- _Stored records_:
Content starts
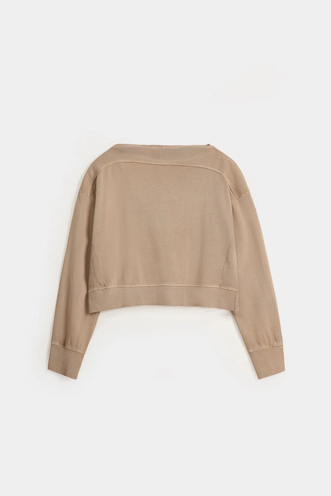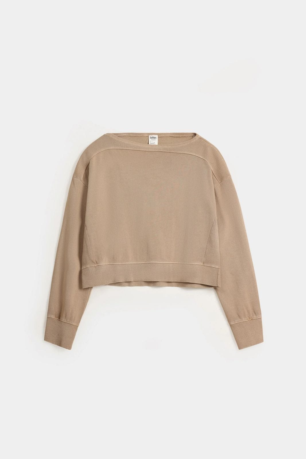 Stay cute and comfy with our Super Cropped Boat Neck Sweatshirt! Its soft cotton fabric and relaxed, boxy fit make it your go-to for effortless style.
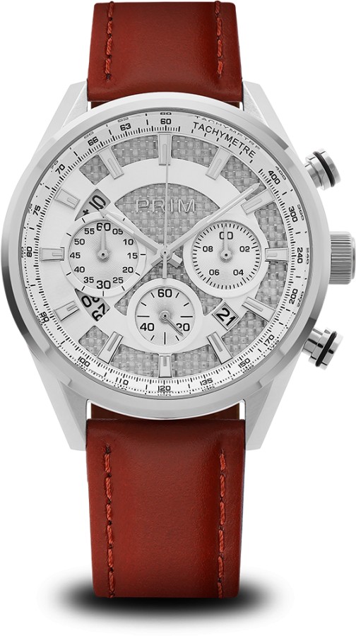 Populární model PRIM Master 25 s leštěným pouzdrem a moderním ciferníkem s chronografem oživí a zvýrazní image svého majitele. PRIM Master 25 – dokonalá rovnováha mezi sportovní dynamikou a nadčasovou elegancí, nyní s ciferníkem z uhlíkového vlákna (karbonu) pro ještě exkluzivnější vzhled. Hodinky, které podtrhnou váš styl a zaujmou na první pohled, doplňuje kvalitní prošívaný kožený řemínek. Každý kus je dodáván se svým výrobním číslem.
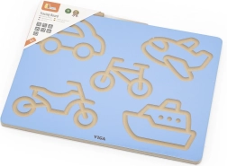 Avastage lõbus tee esimesteni tõmmete ja tähtedeni. Puidust tahvel VIGA sõidukimotiividega suunab lapsi sujuvatele käeliigutustele, õigel surveastmel ja tõmbe suunal. Harjutamine toimub loomuliku mänguna – soontest ülejoonistamine toetab keskendumist ja kindlust käes.
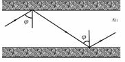 32. (05年北京西城区)据报道:2008年北京奥运会,光纤通信网将覆盖所有奥运场馆,为各项比赛提供安全可靠的通信服务.光纤通信利用光的全反射将大量信息高速传输.如图6-23-22所示,一条圆柱形的光导纤维,长为L,它的玻璃芯的折射率为n1,外层材料的折射率为n2,光在空气中的传播速度为c,若光从它的一端射入经全反射后从另一端射出所需的最长时间为t,则下列说法正确的是(图中所标的φ为全反射的临界角,其中sinφ=
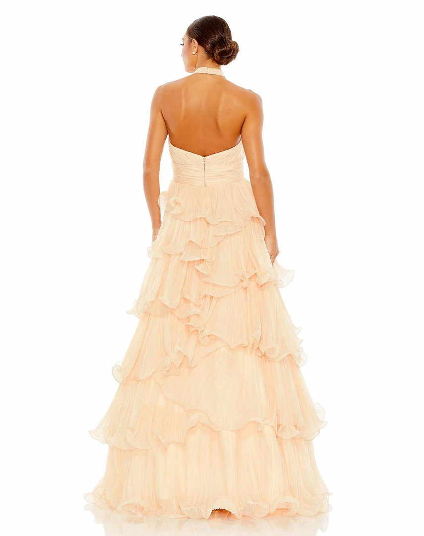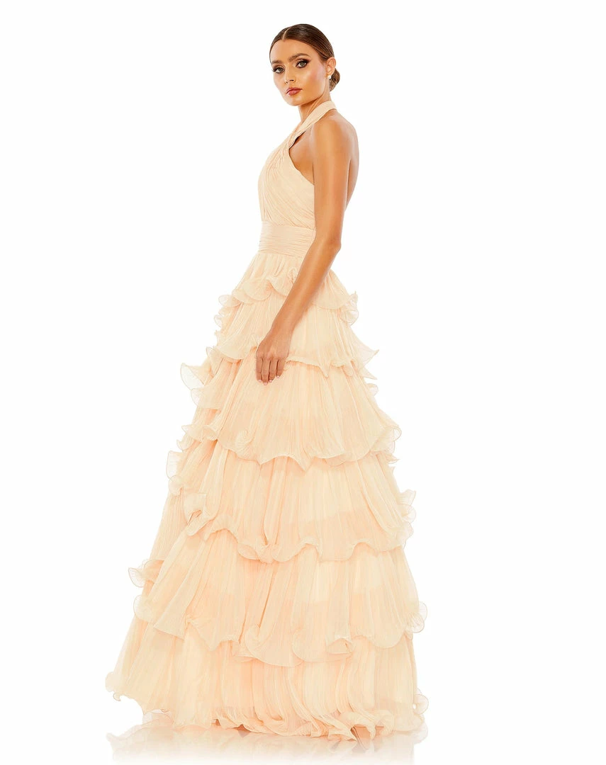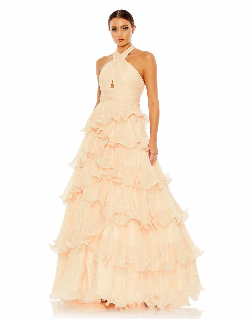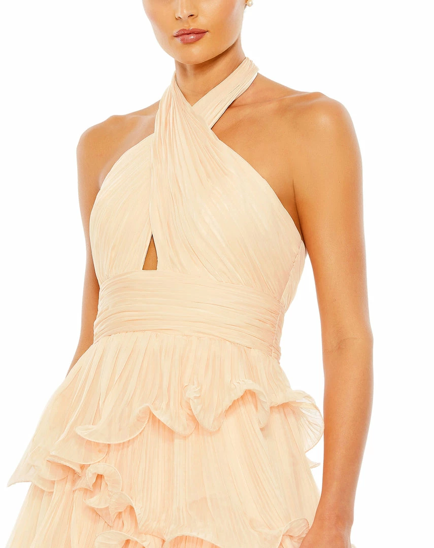 Pretty and playful, this prom gown is a joy to wear, styled with allover pleats and sculptural ruffled tiers. The gown is designed with a contemporary crisscross halter, a cinched cummerbund-inspired waistband, and a voluminous skirt.
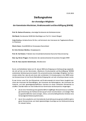 Acht frühere Mitglieder der ehemaligen Kohlekommission (KWSB), darunter die Vorsitzende Prof. Dr. Barbara Praetorius, Antje Grothus, Initiative Buirer für Buir, und der frühere NRW Landesvorsitzende der Grünen Reiner Priggen (Aachen) haben in einem gemeinsamen Positionspapier die Pläne der Bundesregierung und der Kohleländer zum Ausstieg aus der Kohle scharf kritisiert. „Mit der Bund-Kohleländer-Einigung zum Kohleausstieg vom 15. Januar 2020 sehen wir Buchstaben und Geist der in den Empfehlungen der KWSB erzielten Kompromisse vor allem mit Blick auf den Klimaschutz sowie den Umgang mit den vom Braunkohletagebau betroffenen Menschen grob verletzt“, heißt es in dem Papier. Der Kohleausstiegspfad sei klimapolitisch unzureichend, die unwiederbringliche Zerstörung von Dörfern durch den Tagebau Garzweiler nicht akzeptabel. Obwohl keine neuen Kohlekraftwerke mehr in Betrieb gesetzt werden sollten, werde nun Datteln 4 ans Netz genommen, der Ausbau der erneuerbaren Energien fehle hingegen. „Wir sehen ohne entsprechende Korrekturen den in der KWSB gefundenen und von uns bisher mitgetragenen Kompromiss durch Bund und Länder aufgekündigt“, so die acht früheren Mitglieder der Kohlekommission. „Wir bedauern ausdrücklich, dass mit der nun erwartbaren Verstärkung eines weitreichenden Konflikts um die Entwicklung der Kohleverstromung in Deutschland wichtige Jahre für den Klimaschutz verloren gehen werden und sich die für Regionen, Anwohner, Beschäftige und Unternehmen scheinbar erreichte Planungssicherheit als überaus trügerisch erweisen könnte.“
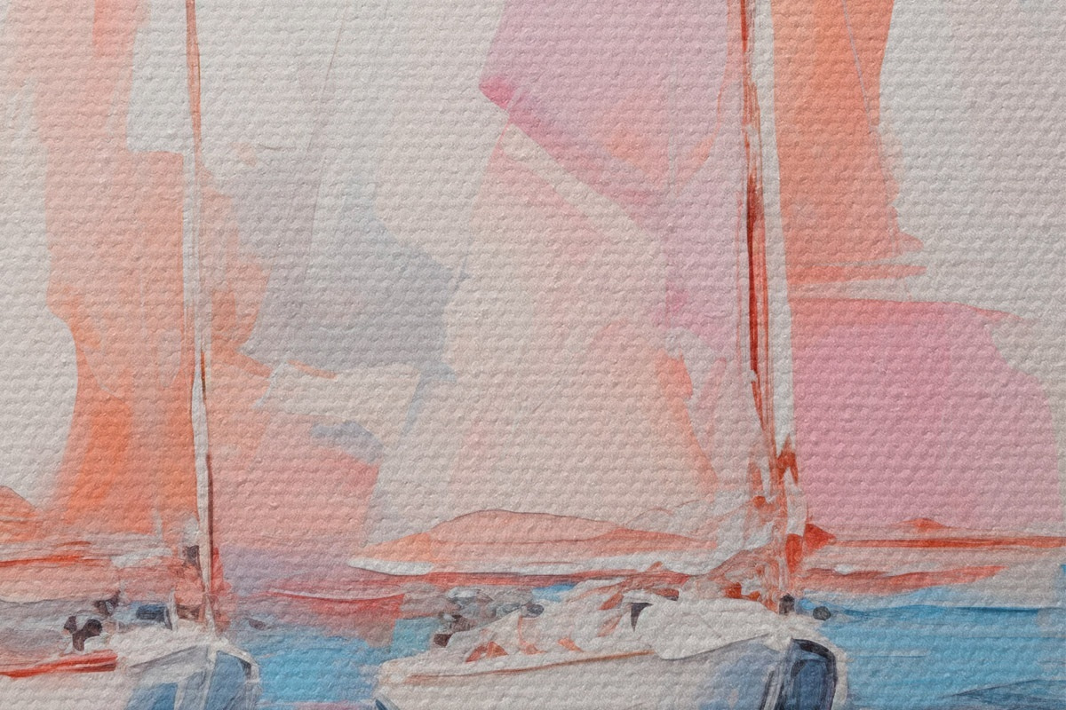 Ronde schilderijen Zeilboten met roze zeilen drijvend op een kalme zee, reflecties van de boten in het water, zachte pastelkleuren r45557
Content ends
- _TRY IT_: Your reply must hold only the lines from the line containing "Pretty and playful, this" through the end of the records above, written out exactly, both ends included, with no pictures, please.

- _TASK OUTPUT_:
 Pretty and playful, this prom gown is a joy to wear, styled with allover pleats and sculptural ruffled tiers. The gown is designed with a contemporary crisscross halter, a cinched cummerbund-inspired waistband, and a voluminous skirt.
 Acht frühere Mitglieder der ehemaligen Kohlekommission (KWSB), darunter die Vorsitzende Prof. Dr. Barbara Praetorius, Antje Grothus, Initiative Buirer für Buir, und der frühere NRW Landesvorsitzende der Grünen Reiner Priggen (Aachen) haben in einem gemeinsamen Positionspapier die Pläne der Bundesregierung und der Kohleländer zum Ausstieg aus der Kohle scharf kritisiert. „Mit der Bund-Kohleländer-Einigung zum Kohleausstieg vom 15. Januar 2020 sehen wir Buchstaben und Geist der in den Empfehlungen der KWSB erzielten Kompromisse vor allem mit Blick auf den Klimaschutz sowie den Umgang mit den vom Braunkohletagebau betroffenen Menschen grob verletzt“, heißt es in dem Papier. Der Kohleausstiegspfad sei klimapolitisch unzureichend, die unwiederbringliche Zerstörung von Dörfern durch den Tagebau Garzweiler nicht akzeptabel. Obwohl keine neuen Kohlekraftwerke mehr in Betrieb gesetzt werden sollten, werde nun Datteln 4 ans Netz genommen, der Ausbau der erneuerbaren Energien fehle hingegen. „Wir sehen ohne entsprechende Korrekturen den in der KWSB gefundenen und von uns bisher mitgetragenen Kompromiss durch Bund und Länder aufgekündigt“, so die acht früheren Mitglieder der Kohlekommission. „Wir bedauern ausdrücklich, dass mit der nun erwartbaren Verstärkung eines weitreichenden Konflikts um die Entwicklung der Kohleverstromung in Deutschland wichtige Jahre für den Klimaschutz verloren gehen werden und sich die für Regionen, Anwohner, Beschäftige und Unternehmen scheinbar erreichte Planungssicherheit als überaus trügerisch erweisen könnte.“
 Ronde schilderijen Zeilboten met roze zeilen drijvend op een kalme zee, reflecties van de boten in het water, zachte pastelkleuren r45557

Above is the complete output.